Ему стало стыдно за то, что он безвинно обидел Груню, и он сказал:

– Ну, ну, не сердись, Груня… Я ведь так, шутю… Я знаю, что ты правильная жена.

И, словно бы стыдясь обнаружить перед ней всю силу своей ревнивой и страстной любви, он принял умышленно равнодушный и властный вид хозяина и примолк.

– Однако и спать пора.

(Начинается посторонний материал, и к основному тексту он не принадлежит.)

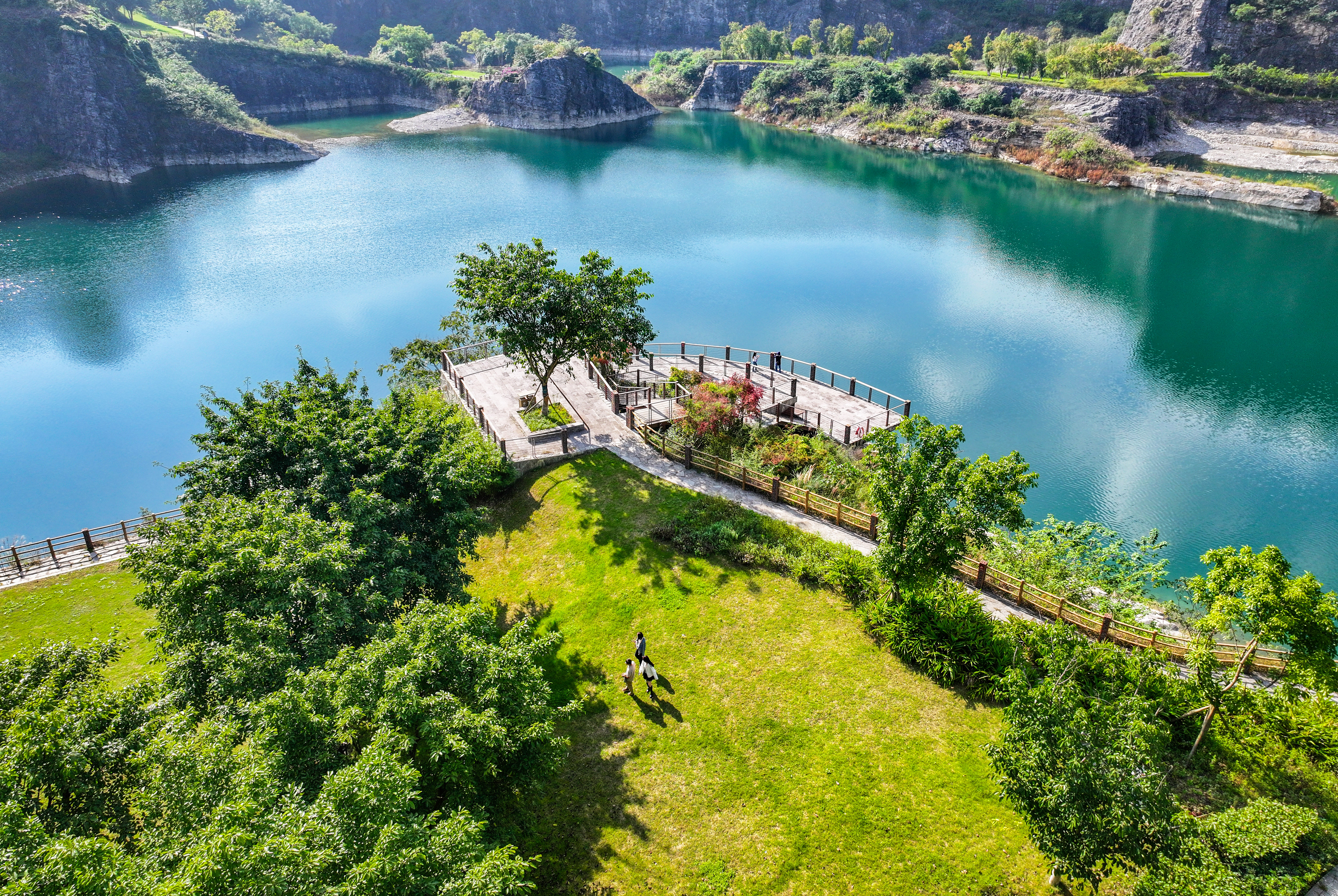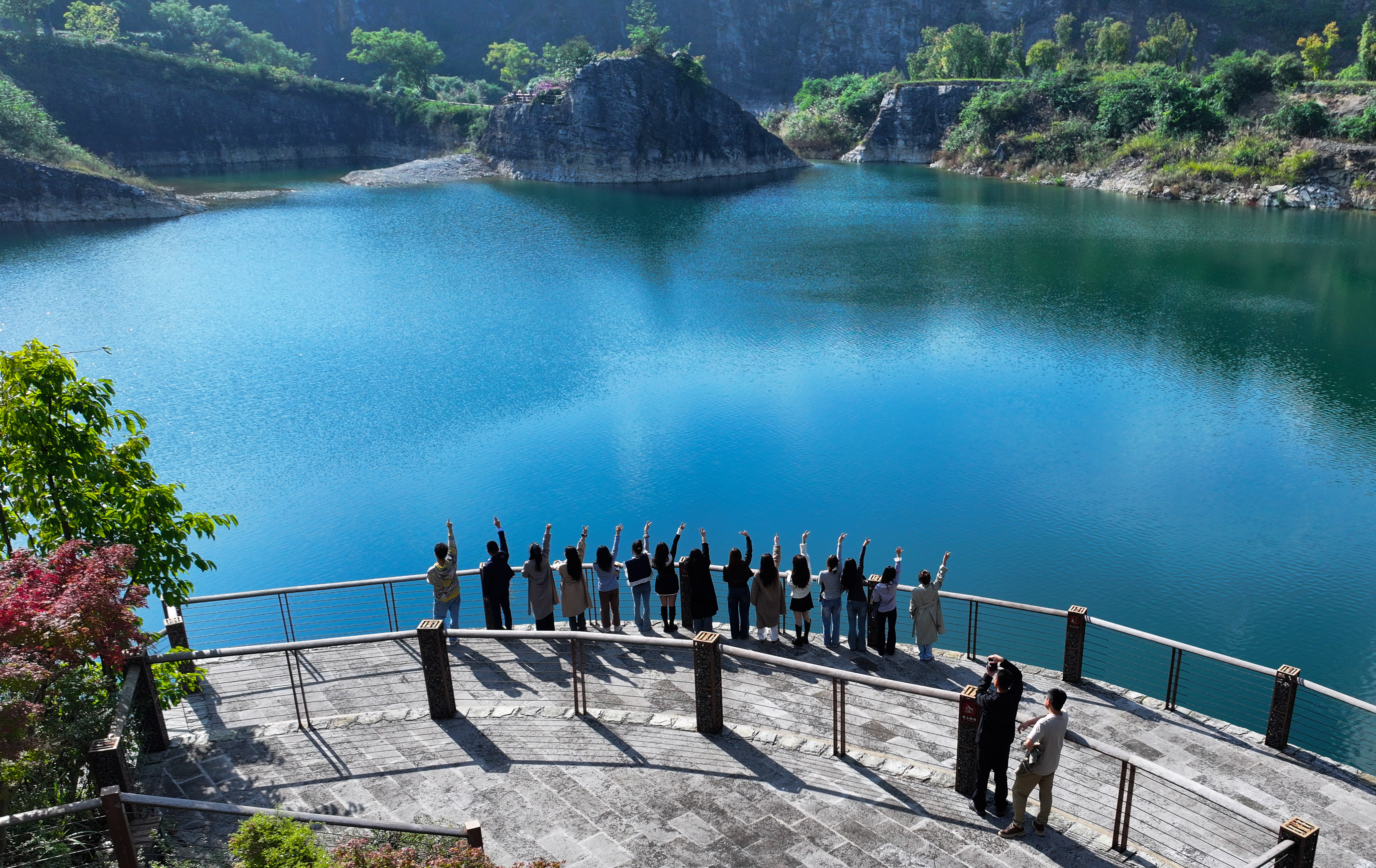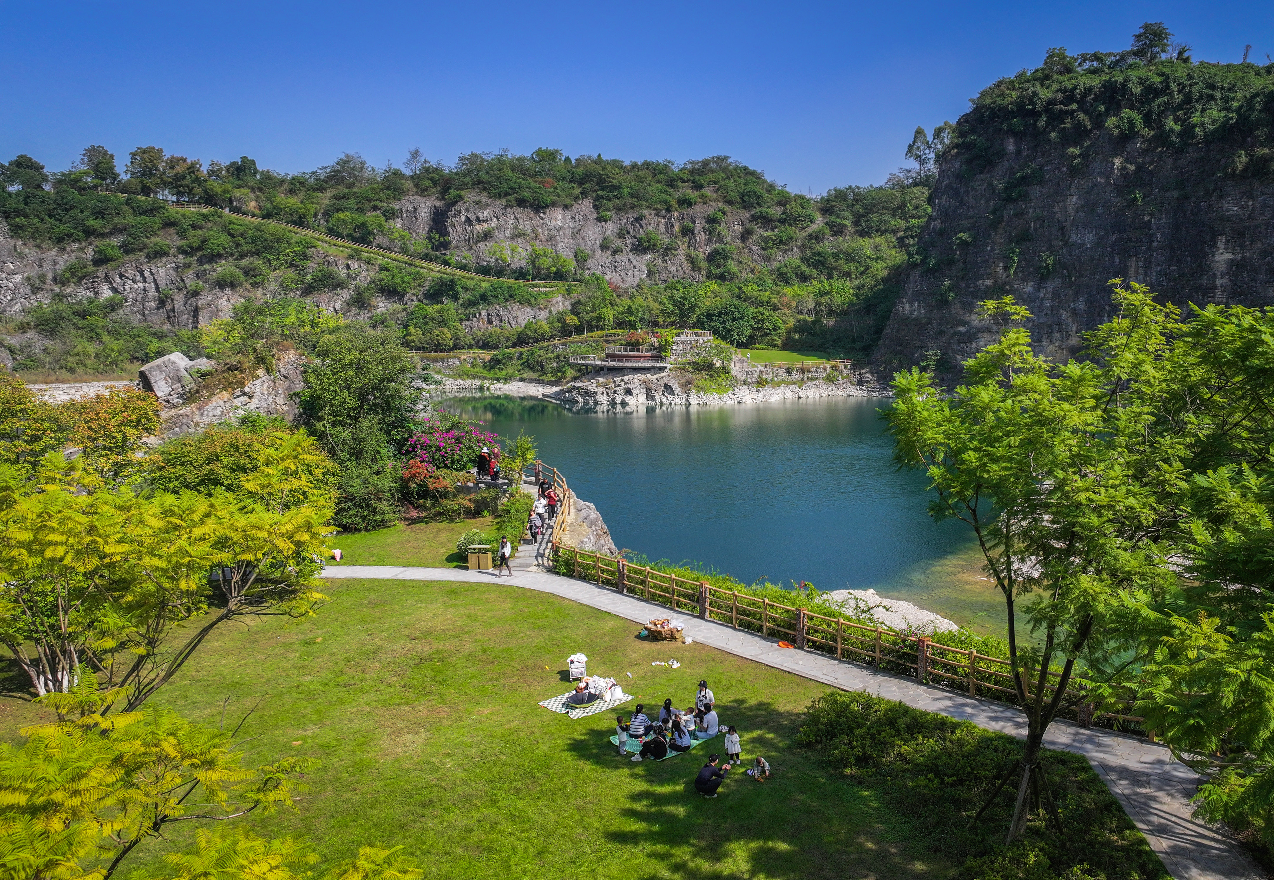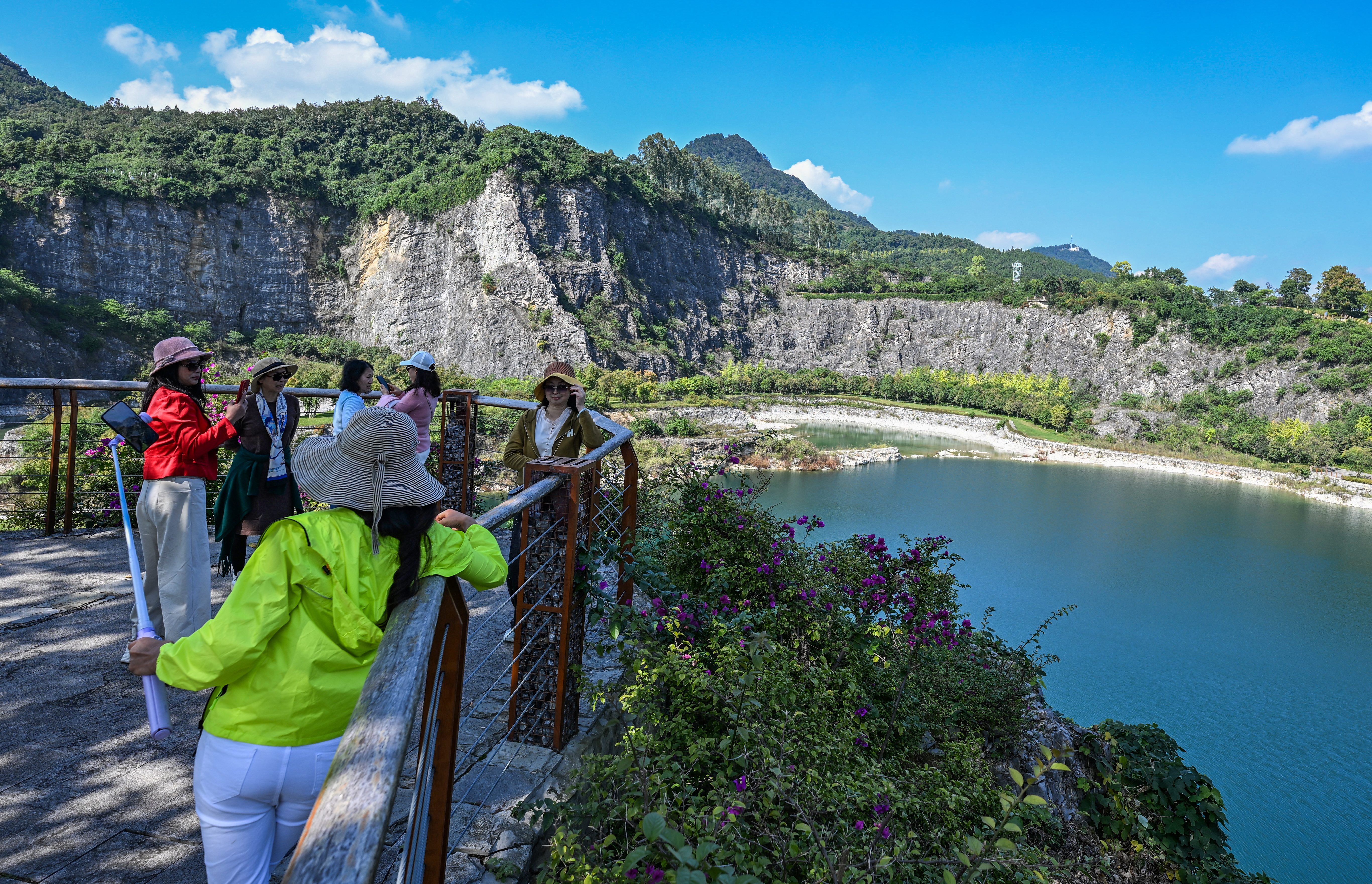 10月28日天朗气清,渝北区铜锣山矿山公园迎来众多市民。这里前身为石灰岩采矿区,经生态修复,废弃矿坑蜕变为生态景区。

Завтра до свету вставать! – проговорил он, окончив чаепитие. – Спасибо, что накормила и напоила… Идем, что ли, Груня? – ласково прибавил он, вставая из-за стола.

– Ступай спи, а мне еще убираться надо.

– Уберись и приходи… Нечего-то полуночничать!

Матрос пошел спать, а матроска словно бы нарочно долго убиралась с посудой.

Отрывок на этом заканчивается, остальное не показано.